In this way, in this ignition system for an internal combustion engine, when the engine speed is below a predetermined engine speed N 0 and when the engine speed is below the predetermined engine speed N ₀ , Even if the rotation advance N exceeds ₀ , when there is no load (N/L), DC-
Activate the DC converter to inject ignition energy into the secondary side of the ignition coil.

FIG. 10 and FIG. 11 are characteristic diagrams showing an example of the relationship between the advance angle, the misfire rate, and the amount of unused HC when the DC-DC converter is operated.

As is clear from these figures, when the DC-DC converter operates, the discharge time is extended, so even if the advance angle is large, the misfire rate and the amount of unused HC are reduced.

Therefore, by making the ignition system for an internal combustion engine operate the DC-DC converter even when decelerating from high speed no-load rotation,
The vehicle body will not vibrate due to engine vibration due to irregular combustion.

Furthermore, since the amount of HC generated during such operation is reduced, it is also effective in terms of exhaust emissions.

It goes without saying that the configurations of the ordinary ignition device and DC-DC converter are not limited to the configurations of the above embodiments.

As explained above, according to this invention, the vibration of the vehicle body during deceleration from high-speed driving, which causes a feeling of anxiety or fear to the driver, is eliminated.

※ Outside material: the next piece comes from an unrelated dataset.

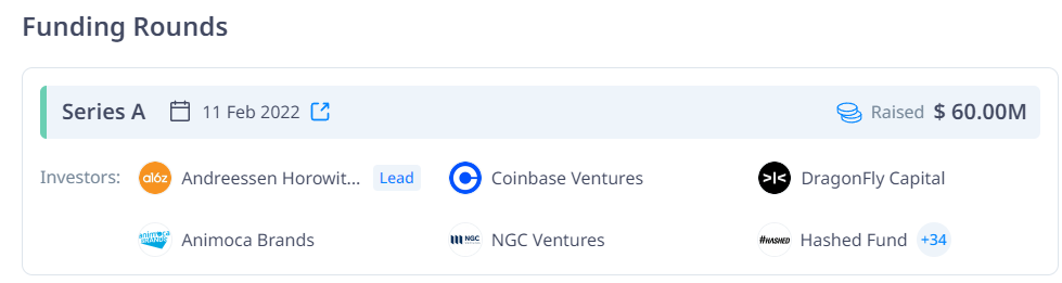 A16Z, 애니모카, 해시드, 드래곤플라이, NGC등등이 시리즈A를 참여해서 약 $60M 규모의 투자를 받은 프로젝트로 놓치면 안되긴 합니다.
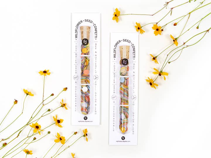 These individually packaged seed tab booklets are a fun and meaningful way to spread happiness—and wildflowers. They make the perfect party favor or gift for any occasion. Each booklet includes ten plantable tabs made from 100% biodegradable paper embedded with a mix of wildflower seeds. Every order includes two tab booklets. Feel good knowing you’re supporting the local ecosystem by planting pollinator-friendly flowers that help bees and butterflies thrive. Your purchase makes a positive impact on the environment! 🌸 🐝 Details: - 80lb plantable eco-paper tabs - booklet size 2.5" x 2" - ten different booklet colors available - 100% biodegradable paper made from post consumer waste - embedded with NON-GMO wildflower seed blend - made to order in USA - each order plants a tree through One Tree Planted

[Brief explanation of the drawing]

FIG. 1 is a circuit diagram showing an example of a conventional ignition system for an internal combustion engine, and FIGS. 2 and 3 are used to explain the operation when the ignition system for an internal combustion engine shown in FIG. 1 is provided with an operation stop means. Waveform diagrams showing different examples of ignition current and ignition voltage; FIGS. 4 and 5 are diagrams showing an example of advance characteristics of a centrifugal advance device and a vacuum advance device;
Figures 6 and 7 are graphs showing an example of the relationship between the advance angle and the amount of unburned HC when the DC-DC converter is not operating, and Figure 8 is an internal combustion engine that implements this invention. 9 is a diagram showing the operating range of the DC-DC converter of this embodiment, and FIGS. 10 and 11 are circuit diagrams showing the main parts of the ignition system for
FIG. 3 is a diagram illustrating an example of the relationship between the advance angle, the misfire rate, and the amount of unused HC when the DC-DC converter is operated. 1...Battery, 2...Ignition switch, 3...Ignition coil, 4...Full type ignition system, 7...Distributor, 8A to 8D...
Spark plug, 10...DC-DC converter, 12
...Oscillation circuit, 13...Drive circuit, 15...
Step-up transformer, 21... Control circuit, 22... Operation stop circuit, 26... Throttle closing switch, 28
...Throttle valve, 29...AND circuit.

Claims (1)

[Scope of utility model registration request] A DC-DC converter that injects ignition energy into the secondary side of the ignition coil in addition to the normal ignition system of the engine, and the DC-DC converter is activated when the engine speed exceeds a predetermined engine speed. In the ignition system for an internal combustion engine, the ignition system for an internal combustion engine is equipped with an operation stop means for stopping the throttle valve, and a throttle close detection means for detecting that the throttle valve is in the closed state; An ignition device for an internal combustion engine, characterized in that an ignition device for an internal combustion engine is provided with an operation stop release means for canceling the operation stop caused by the operation stop means when this is detected.